Set the OTEL_EXPORTER_OTLP_ENDPOINT environment variable to export to an OTLP-compatible backend:

export OTEL_EXPORTER_OTLP_ENDPOINT="http://localhost:4317"
promptmc run input.xml

Disable Console Export

export OTEL_CONSOLE_EXPORT="false"
promptmc run input.xml

Roadmap

See the ROADMAP.md file for the project's development phases and current status.

About the Author / Motivation

I studied nuclear engineering at MIT over 20 years ago and used MCNP 4 for my senior thesis project. Since then, I've had 10 years of software engineering at a major FAANG cloud provider.

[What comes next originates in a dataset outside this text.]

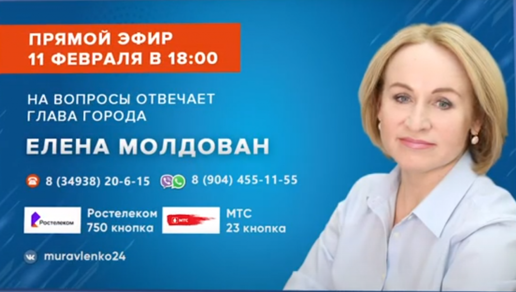 Вопросы мы принимаем уже сегодня. Их можно оставлять в группах «Муравленко 24» и «Муравленковский день» в социальной сети «ВКонтакте», а также по телефону нашей редакции: 20-5-26. Кроме того, вы можете отправить нам свои вопросы при помощи мессенджеров WhatsApp и Viber по номеру: 8-9044-55-11-55. Прямой эфир с главой города Еленой Молдован состоится в этот четверг на телеканале «Муравленко 24» в сети Ростелеком на 750-м канале и в МТС на 23-м. Трансляцию мы будем вести и в группе «Муравленко 24» во «ВКонтакте».

This project is a personal exploration of agentic programming — using AI agents to build software. PromptMC seemed like the perfect test case: it combines my background in nuclear physics with modern software engineering practices. The goal was to see how much of a production-grade tool could be built through agentic coding, from architecture design to implementation, testing, and documentation.

The result is a fully functional, well-tested tool that I hope will be useful to the OpenMC community — whether you're a student learning Monte Carlo methods or a researcher running production simulations.

Agentic Coding Disclaimer

This project was developed using agentic programming techniques with AI coding assistants, specifically Cascade, Antigravity, and Gemini. While the code was generated through AI-human collaboration, it has been reviewed, tested, and validated for production use. The project demonstrates the potential of agentic workflows while maintaining software engineering best practices: comprehensive testing, linting, type checking, and documentation.

Contributions

We welcome contributions! Please follow these guidelines:

  1. Fork the repository
  2. Create a feature branch (git checkout -b feature/amazing-feature)
  3. Make your changes with tests
  4. Ensure all checks pass (pytest, ruff check, mypy src/)
  5. Commit your changes (git commit -m 'Add amazing feature')
  6. Push to the branch (git push origin feature/amazing-feature)
  7. Open a Pull Request

Development Workflow

  • All code must pass CI checks before merging
  • New features require test coverage
  • Follow the existing code style and patterns
  • Update documentation for API changes

License

This project is licensed under the MIT License - see the LICENSE file for details.